Today, Ballmer is CEO of Microsoft, and he said it may not be professionally prudent to say so, but yes, India could well produce the next Gates. However, he reckoned such an individual may still choose to take his big idea to the US and base his company there, for “proximity to affluent companies to get his company off the ground”. This is why it is so important, he said while delivering the Madhav Rao Scindia Memorial lecture, that India keep growing at 8-10 per cent, to spread the circle of affluence in the country and become a magnet for innovative ideas.
Ballmer said his job at Microsoft — which incidentally has made him the 24th richest person in the world according to Forbes magazine — is to pick the right kind of people to make innovation possible. And in India, he said there needs to be a particular kind of innovation that makes computing devices affordable to a larger part of Indian society. Microsoft will harness all its values and principles so that 400-500 million Indians get access to computers.
He said India is the leader in IT industry: 30 per cent of all computer science graduates in the world passing out of Indian universities. “That puts a special responsibility on this country. The world is counting on the talent of this country to lead the next wave of innovation. We want access to the incredible talent graduating from universities here.”

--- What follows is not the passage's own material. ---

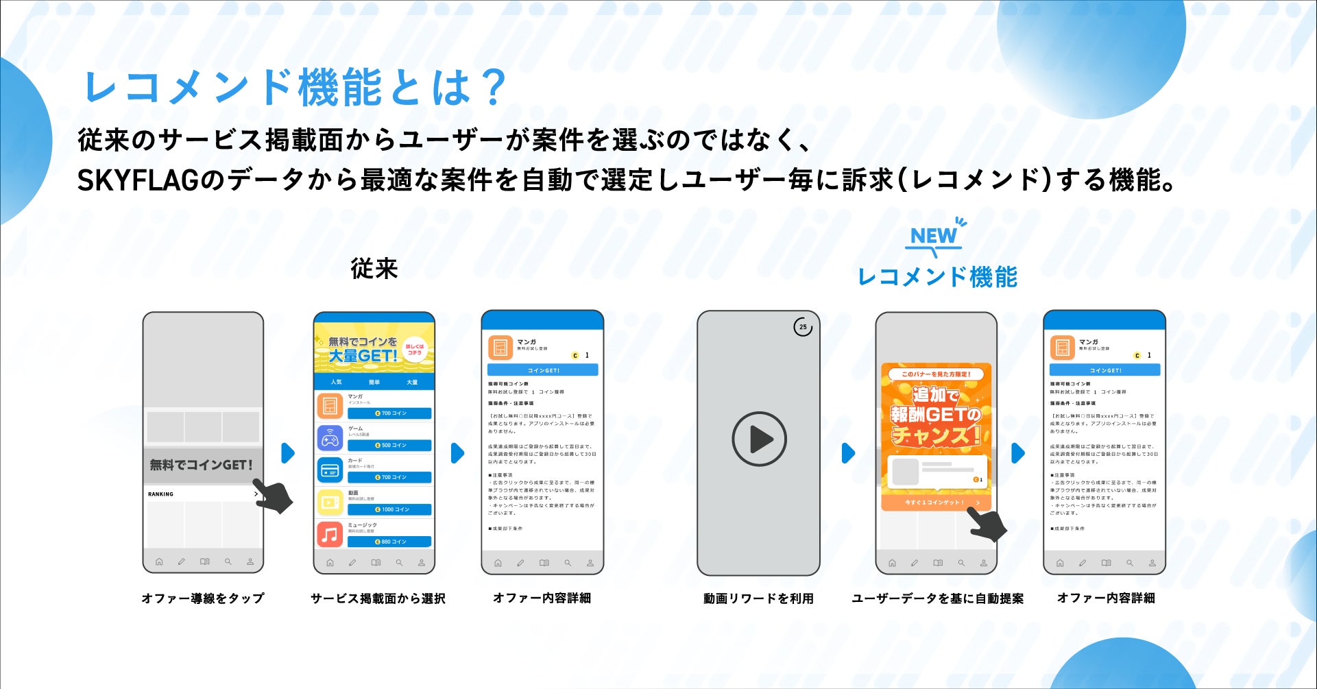 この度リリースした「レコメンド機能」では、動画リワード広告視聴後等の任意のタイミングで、データに基づきユーザー毎に最適なオファー(広告)を『SKYFLAG』が自動選択しユーザーに対して表示することで、ユーザーの挑戦機会をこれまでよりも多く創出し、企業様の更なるマネタイズをサポートします。

Harnessing that talent, requires companies to work with a “big bold goal”. He recalled how in his early days at Microsoft in the 1970s, he had a case of nerves and wondered whether he had done right to quit business school and join this new company. Gates took him to dinner with his father and spoke of his ‘big bold goal’, to put a computer on every desk in every home. Perhaps that was the first time Gates thought up the goal, but it worked, and today Microsoft has grown from a mere 30 employees to 73,000 in the 26 years since Steve joined (18 per cent of its Seattle-based engineers are Indian.)
Moore’s Law — that is, computing power and affordability will increase by a factor of two every 18 months — will operate over the next decade, Ballmer reckoned. “The innovation over the next 10 years will be even more exciting,” he said. Take this obsolete piece of technology he said, waving a piece of paper. The computer industry will produce devices over the next decade which are as thin as paper, yet will deliver all the tasks expected from them. Digitisation will move apace, enabling the user’s productivity and creativity by reading voice and intent.
Yet, he said, two key fields are yet to harness the real potential of digitisation: healthcare and education. This requires innovation to meet very Indian requirements and for businesses to be more socially conscious.